Using the records below, write out only the lines from the line containing "kategori: Haberlerİnsan Hakları" up to and including the line containing "Der Kupferstich wurde", exactly, with no pictures.

**INPUT MATERIAL**
◇ ◇ ◇ ◇

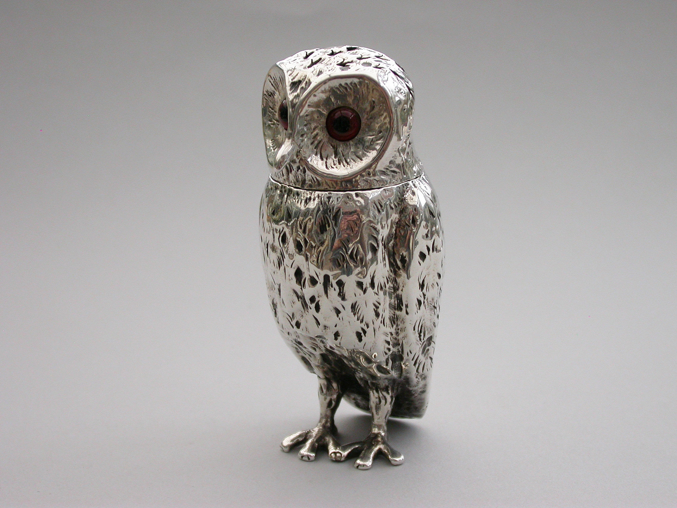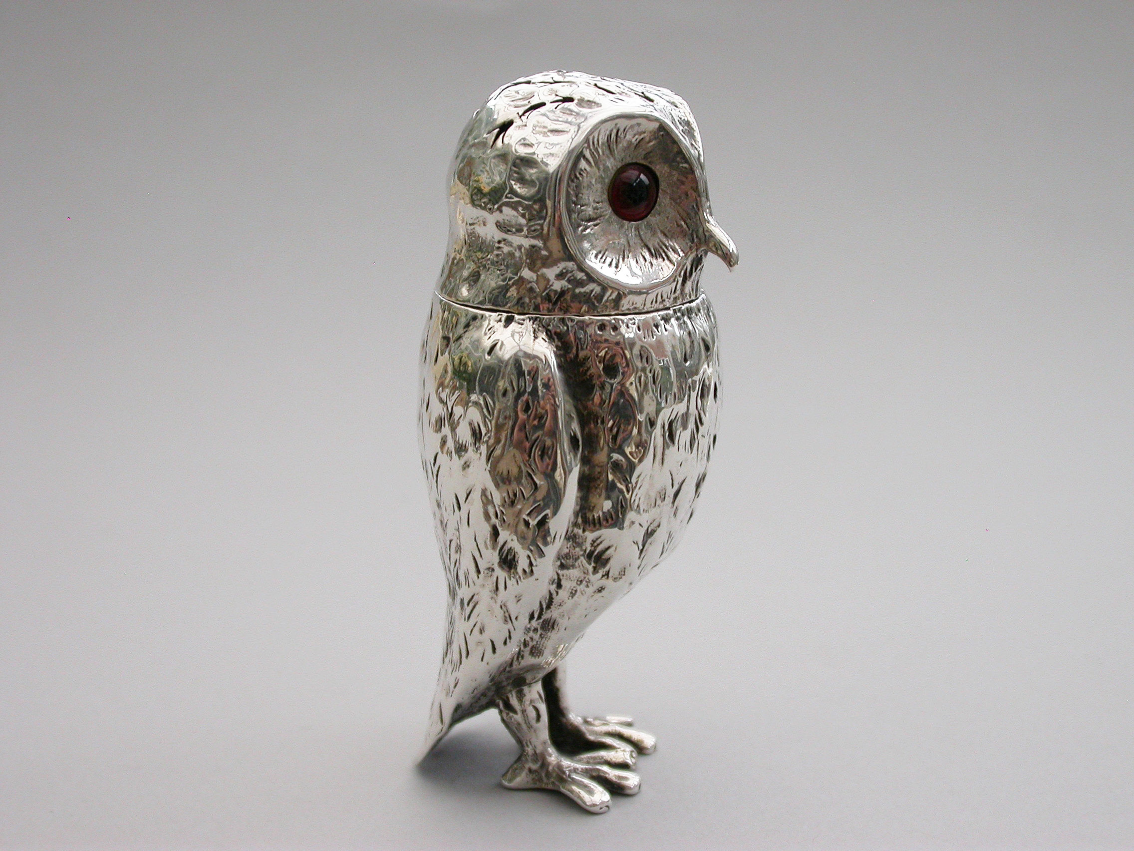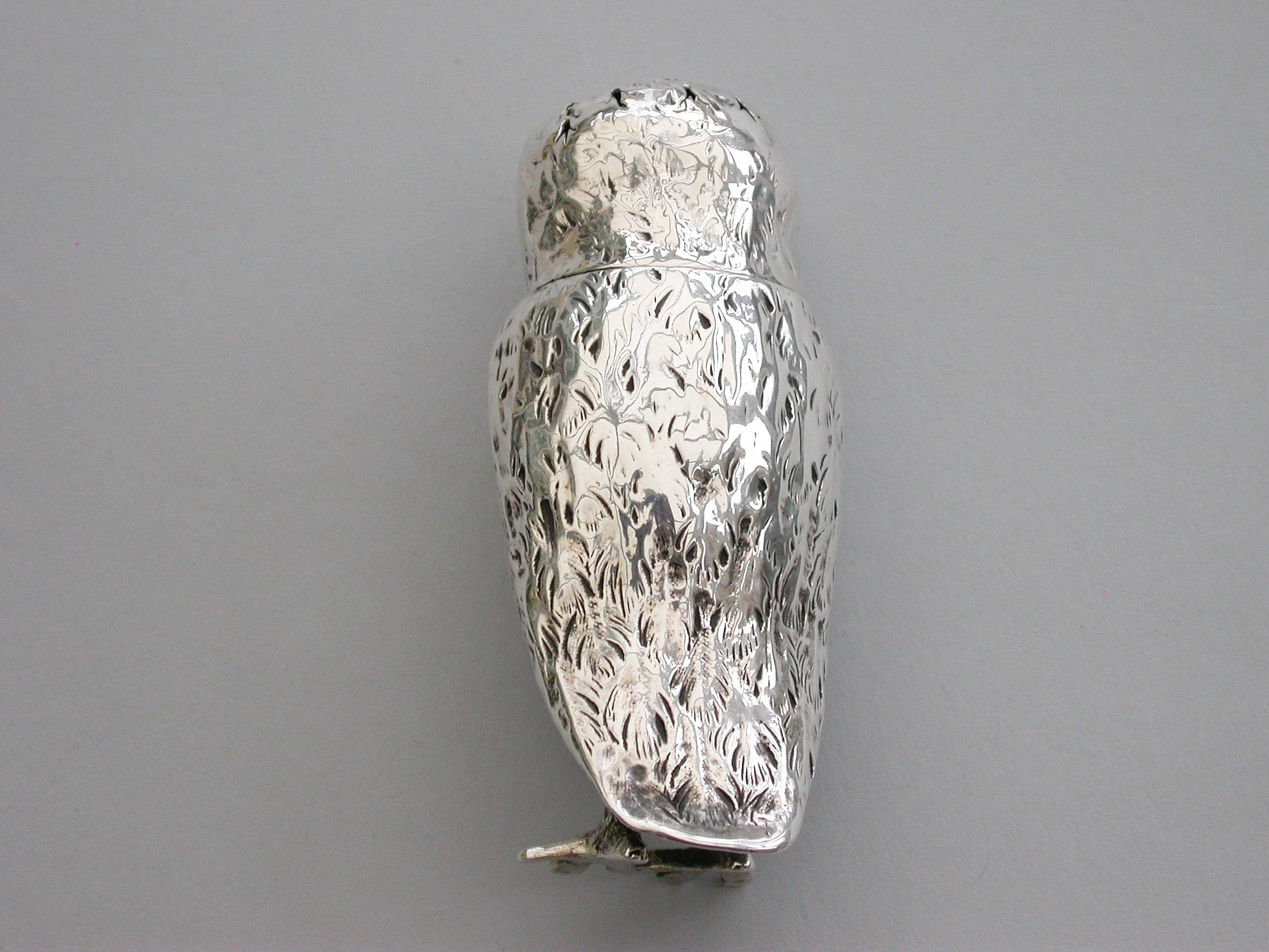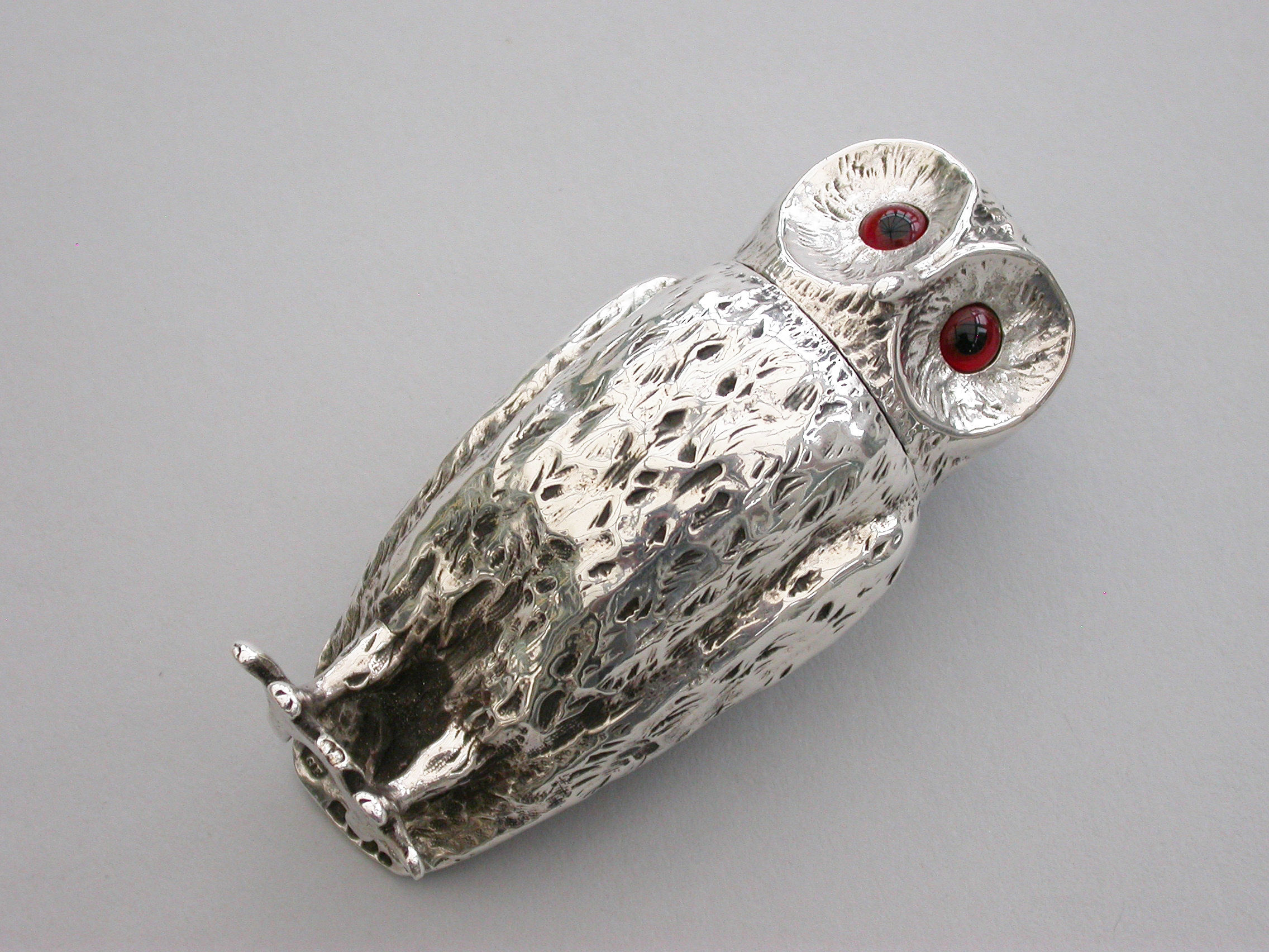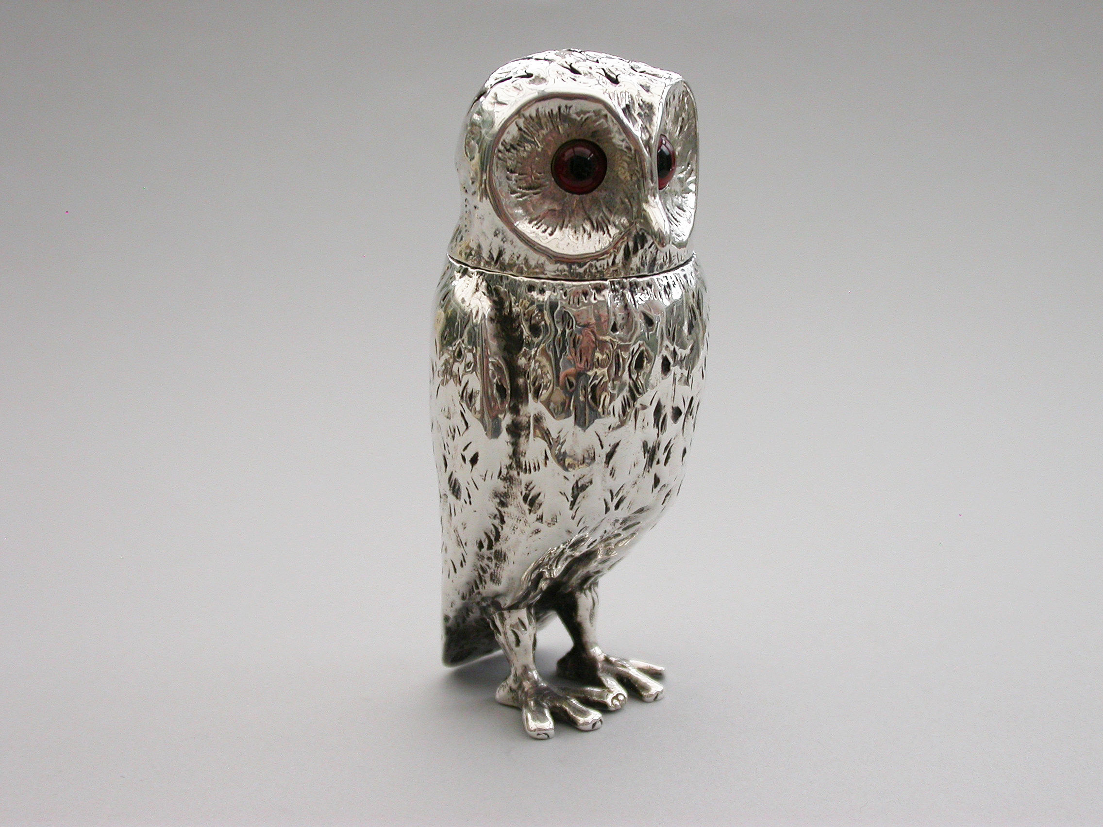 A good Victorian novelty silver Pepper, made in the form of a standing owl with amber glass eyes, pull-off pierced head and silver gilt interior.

◇ ◇ ◇ ◇

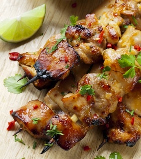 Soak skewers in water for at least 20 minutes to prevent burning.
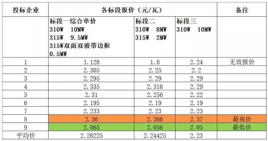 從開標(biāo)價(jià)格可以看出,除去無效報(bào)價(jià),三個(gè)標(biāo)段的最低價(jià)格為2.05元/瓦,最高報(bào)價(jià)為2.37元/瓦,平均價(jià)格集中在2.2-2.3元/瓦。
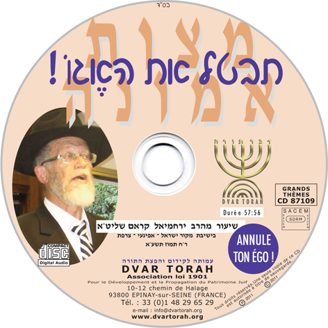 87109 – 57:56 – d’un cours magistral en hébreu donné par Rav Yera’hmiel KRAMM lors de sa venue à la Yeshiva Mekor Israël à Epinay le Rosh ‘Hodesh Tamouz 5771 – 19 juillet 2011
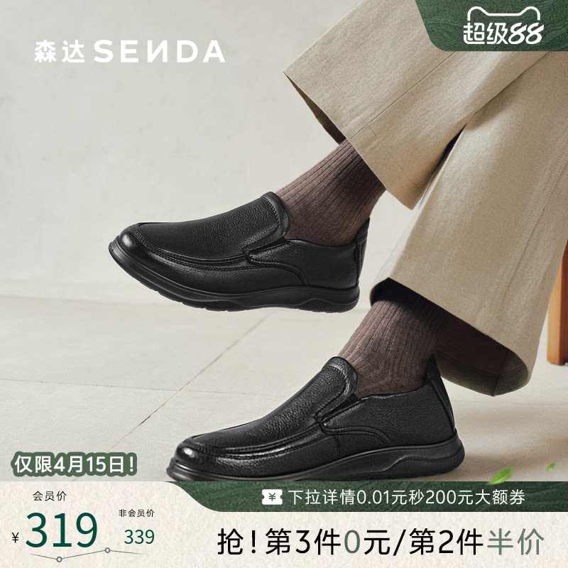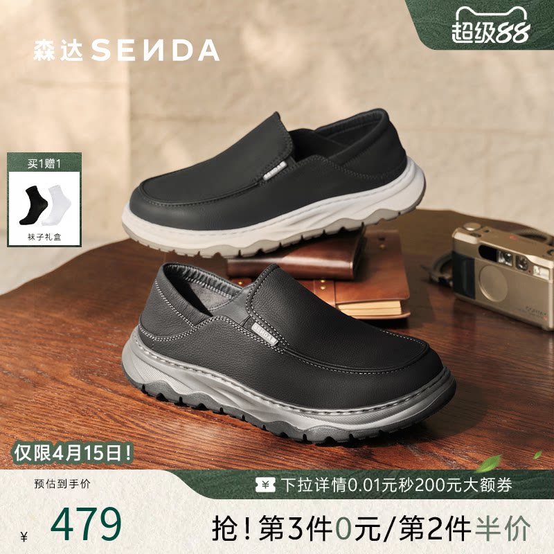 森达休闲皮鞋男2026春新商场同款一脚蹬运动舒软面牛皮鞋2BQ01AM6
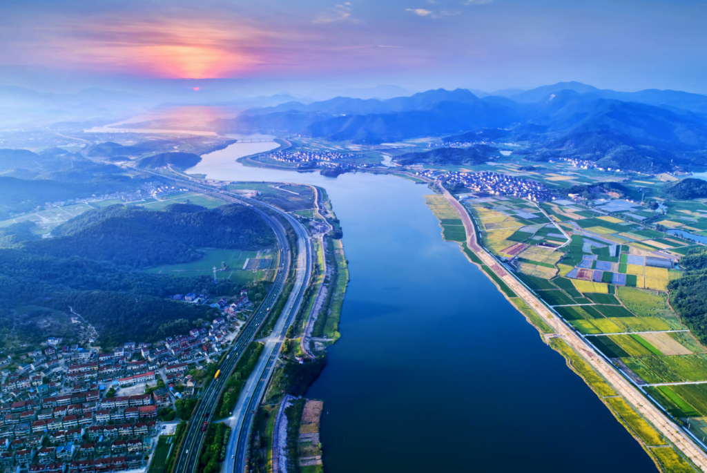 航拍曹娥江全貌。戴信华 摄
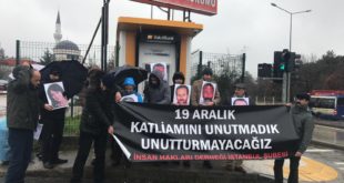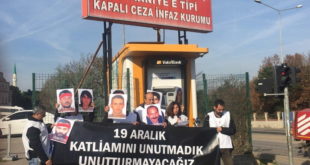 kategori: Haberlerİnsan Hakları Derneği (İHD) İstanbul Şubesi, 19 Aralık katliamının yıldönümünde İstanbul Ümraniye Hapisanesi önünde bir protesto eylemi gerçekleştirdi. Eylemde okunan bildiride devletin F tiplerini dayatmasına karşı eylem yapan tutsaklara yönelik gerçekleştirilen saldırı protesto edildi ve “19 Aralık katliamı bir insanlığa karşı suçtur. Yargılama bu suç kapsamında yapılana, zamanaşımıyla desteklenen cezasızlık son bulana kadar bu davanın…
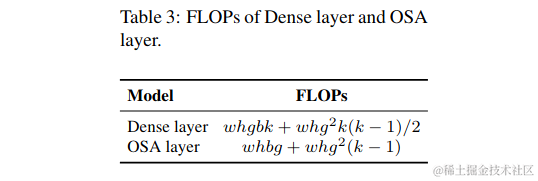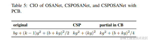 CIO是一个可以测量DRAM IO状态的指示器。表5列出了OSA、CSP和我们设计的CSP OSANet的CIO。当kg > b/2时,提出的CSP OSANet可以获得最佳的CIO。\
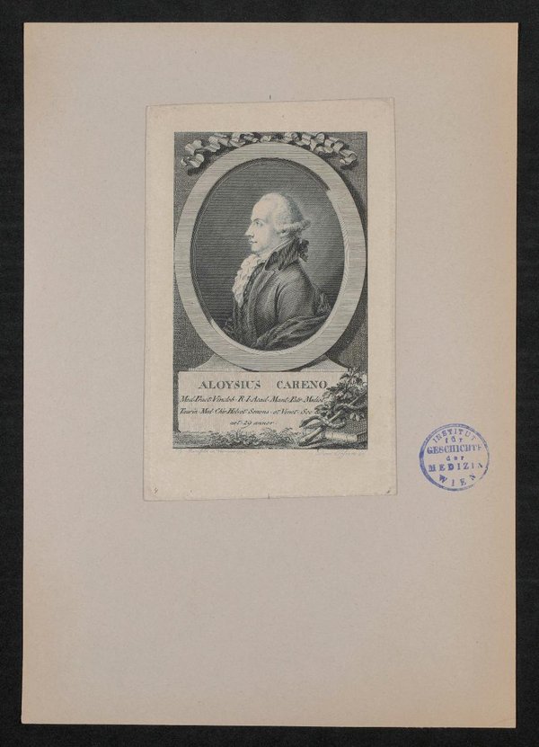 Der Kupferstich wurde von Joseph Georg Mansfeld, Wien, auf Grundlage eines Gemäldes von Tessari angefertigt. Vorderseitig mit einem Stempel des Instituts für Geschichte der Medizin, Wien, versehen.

◇ ◇ ◇ ◇

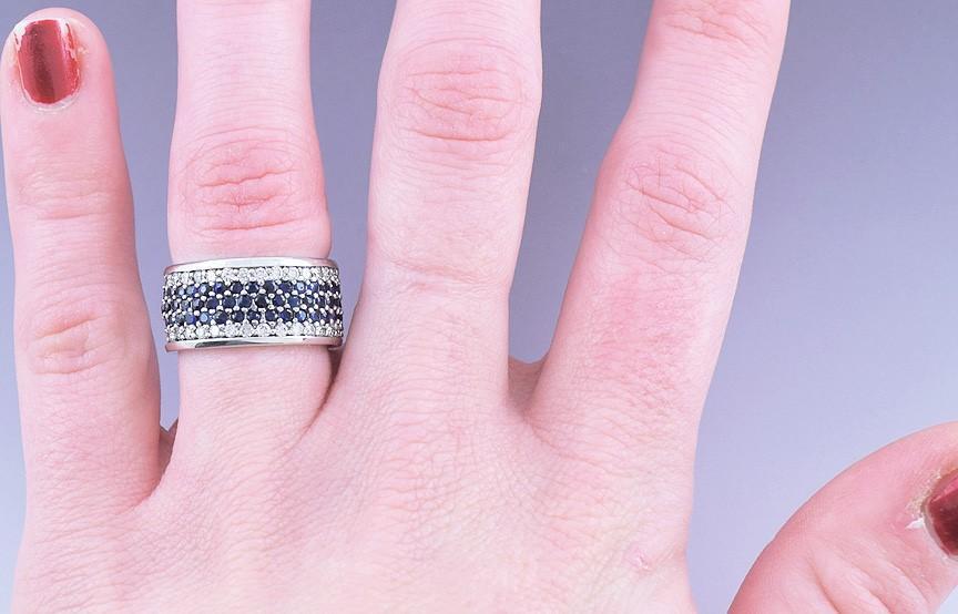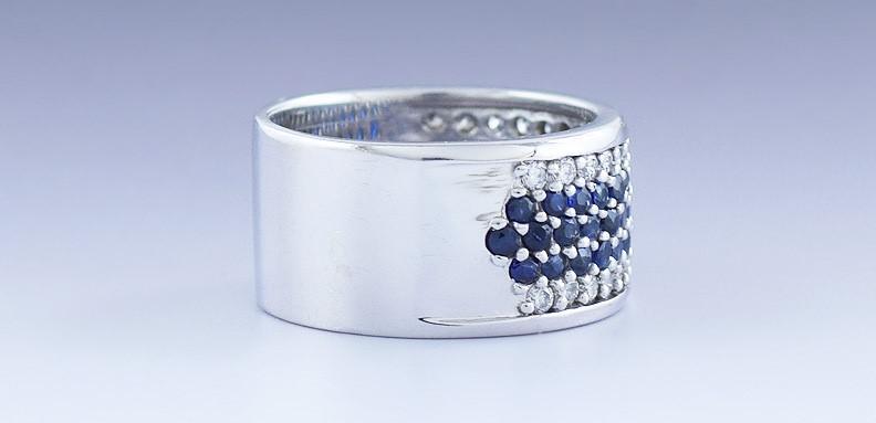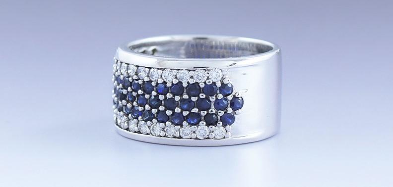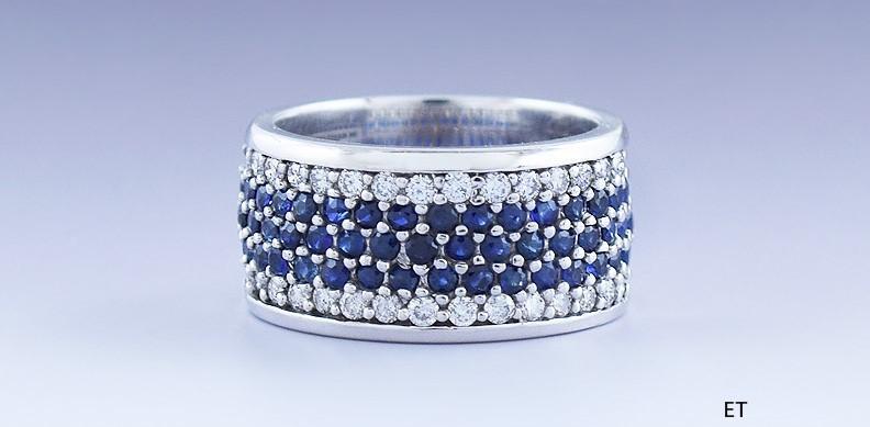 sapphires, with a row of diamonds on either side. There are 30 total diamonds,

◇ ◇ ◇ ◇

**ANSWER TO THIS EXERCISE**
 kategori: Haberlerİnsan Hakları Derneği (İHD) İstanbul Şubesi, 19 Aralık katliamının yıldönümünde İstanbul Ümraniye Hapisanesi önünde bir protesto eylemi gerçekleştirdi. Eylemde okunan bildiride devletin F tiplerini dayatmasına karşı eylem yapan tutsaklara yönelik gerçekleştirilen saldırı protesto edildi ve “19 Aralık katliamı bir insanlığa karşı suçtur. Yargılama bu suç kapsamında yapılana, zamanaşımıyla desteklenen cezasızlık son bulana kadar bu davanın…
 CIO是一个可以测量DRAM IO状态的指示器。表5列出了OSA、CSP和我们设计的CSP OSANet的CIO。当kg > b/2时,提出的CSP OSANet可以获得最佳的CIO。\
 Der Kupferstich wurde von Joseph Georg Mansfeld, Wien, auf Grundlage eines Gemäldes von Tessari angefertigt. Vorderseitig mit einem Stempel des Instituts für Geschichte der Medizin, Wien, versehen.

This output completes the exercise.